Tous les graphes n'ont pas leur place dans un rapport de renseignement publiable, et presque aucun ne devrait se transformer en règle de pare-feu globale. Utilisez cette séparation :

  • Livrable CTI = récit + liste d'arêtes reproductible (courte, vérifiée) + langage de confiance
  • Livrable défensif = IOC à forte confiance, périmètre étroit et plan de retour arrière

Cela reflète la discipline que nous appliquons en parlant des scores de risque en threat intelligence et des faux positifs : la précision l'emporte sur le spectacle.

Un exemple compact (illustratif, campagne fictive)

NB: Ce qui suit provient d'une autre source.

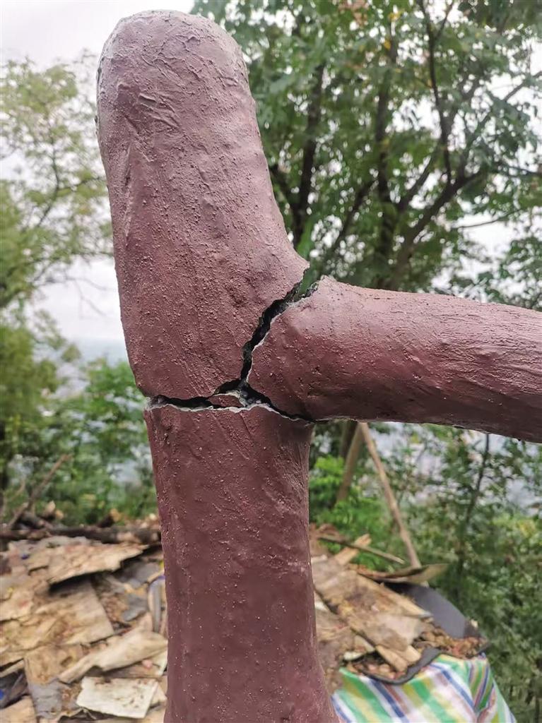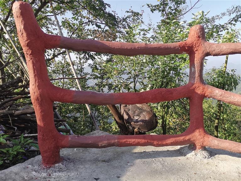 11月13日,难得的晴日。记者在吉首市乾州仙镇山山顶的白云寺坪场上看到,太阳能灯杆旁、今年夏天刚完工的护栏上,几处破损已被修复。尽管修补处与原护栏颜色相近,仍能清晰看出修复痕迹。
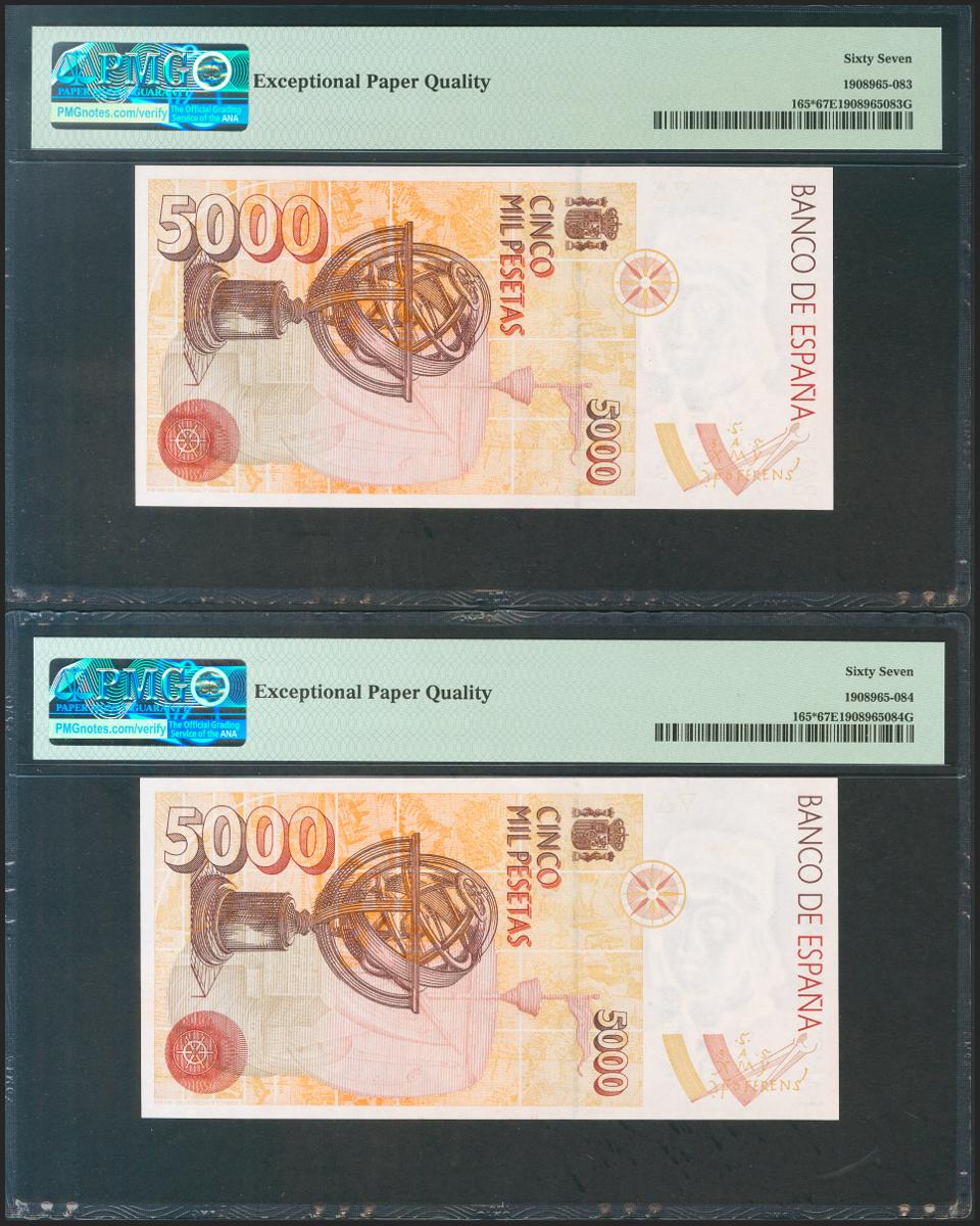 5000 Pesetas. 12 de Octubre de 1992. Pareja correlativa. Serie especial 9A. (Edifil 2021: 484b, Pick: 165*). Rarísima en esta excepcional calidad, apresto original. SC. Encapsulado PMG67EPQ, ambos.

| Observable | Ce qui change une fois le contexte ajouté | | --------------------------------------------------------------------------------- | --------------------------------------------------------------------------------------------------------------------------------------------------------------------------------------------- | | Enregistrement A de evil-login.example → une IP cloud | attendu ; le cloud seul n'est pas un verdict (voir les recommandations sur les IP cloud) | | Un autre nom d'hôte avec le même champ O de certificat peu commun | intéressant ; à promouvoir en « à investiguer » | | 50 domaines partageant un wildcard de CDN populaire | bruit ; ne construisez pas un « méga-cluster » à partir de CDN | | Un hash rare lié à un kit de phishing contactant lui aussi le même nom d'hôte | forte valeur ; reliez malware et réseau, comme dans les workflows décrits dans la réputation des empreintes de fichiers en réponse à incident |

Renvoi : OSINT et limites juridiques

Si votre hunting est semi-public, gardez l'éthique et le processus en tête : notre explication de l'OSINT pour les équipes SOC est un bon compagnon pour que vos pivots ne se transforment pas en incident de conformité.

FAQ

Frequently asked questions

Qu'est-ce que le regroupement d'infrastructures (infrastructure clustering) ?
Le regroupement d'infrastructures consiste à rassembler des indicateurs réseau liés entre eux — IP, noms d'hôte, certificats et ASN — sur la base de co-occurrences, de similarités d'enregistrement et de recouvrements comportementaux, afin de comprendre une campagne, un outillage ou une infrastructure d'attaquant unique.
L'hébergement mutualisé est-il une source de faux positifs pour le clustering ?
Souvent, oui. Les IP mutualisées massives et les CDN populaires relient des sites sans aucun rapport. Il faut exiger une corroboration supplémentaire : corrélation temporelle, recouvrement de certificats au-delà des autorités génériques, comportement JA3/HTTP unique, ou liens avec des échantillons de malware.
Quel est l'artefact de départ le plus sûr pour pivoter ?
Un domaine malveillant à forte confiance observé dans un e-mail de phishing ou un échantillon de malware — bien préférable à une IP brute dans une immense plage cloud. Si vous disposez du malware, associez les pivots réseau au [triage des empreintes de fichiers en réponse à incident](/posts/file-hash-reputation-lookup-ioc-enrichment-incident-response).
Comment restituer des IOC regroupés ?
Utilisez des objets de relation STIX ou un tableau d'arêtes : parent→enfant, certificat→hôte, hôte→IP, et fenêtre temporelle. L'objectif est la reproductibilité, pas une jolie capture d'écran de graphe.
En quoi isMalicious aide-t-il pendant les pivots ?
isMalicious fournit un contexte IP et domaine agrégé et rapide, ce qui permet de vérifier si les entités atteintes par pivot sont déjà largement signalées, et de limiter les impasses dans l'hébergement mutualisé et l'espace bulletproof.